> INFORMATION SHOWN:
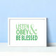 This adorable "Listen Oben and Be Blessed" poster is perfect for your child's room. It serves as a wonderful daily reminder! Order yours today!
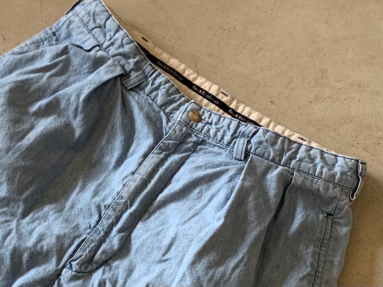 爽やかなサックスブルーのシャンブレー素材が好印象なラルフローレンのショートパンツ。ウエストにタックが入っており、履いた時のシルエットが今の気分にちょうどいいデザインです。
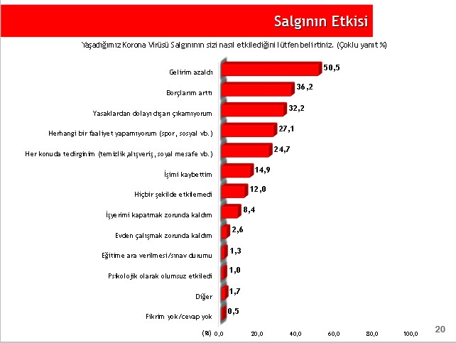 Ankete katılanlara salgından nasıl etkilendikleri sorusu yöneltildi. Katılımcıların yüzde 50,5'i "gelirim azaldı", yüzde 36,2'si "borçlarım arttı" cevabını verirken yüzde 14,9'u ise "işimi kaybettim" cevabını verdi. "Hiçbir şekilde etkilenmedim" diyenlerin oranı ise yüze 12 olarak kaydedildi.SEYAHAT YASAĞI VE 65 YAŞ ÜZERİ İÇİN SOKAĞA ÇIKMA KISITLAMASINA DESTEK
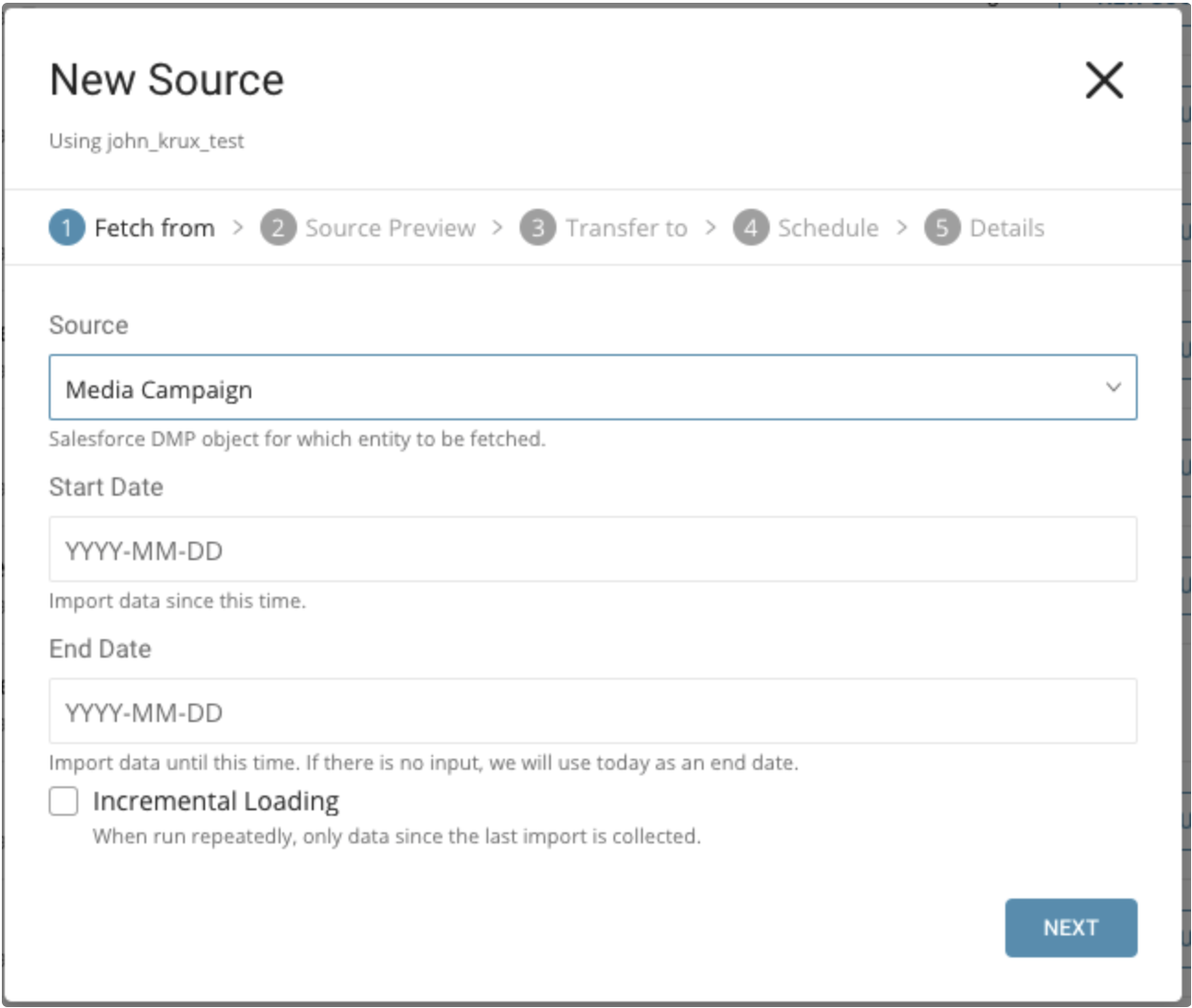 - Start Date: Import data that has been created since this date.

> WHAT TO DO:
Repeat the listing above up to and including the line with "爽やかなサックスブルーのシャ", starting from its first line. Drop any pictures.

> EXERCISE ANSWER:
 This adorable "Listen Oben and Be Blessed" poster is perfect for your child's room. It serves as a wonderful daily reminder! Order yours today!
 爽やかなサックスブルーのシャンブレー素材が好印象なラルフローレンのショートパンツ。ウエストにタックが入っており、履いた時のシルエットが今の気分にちょうどいいデザインです。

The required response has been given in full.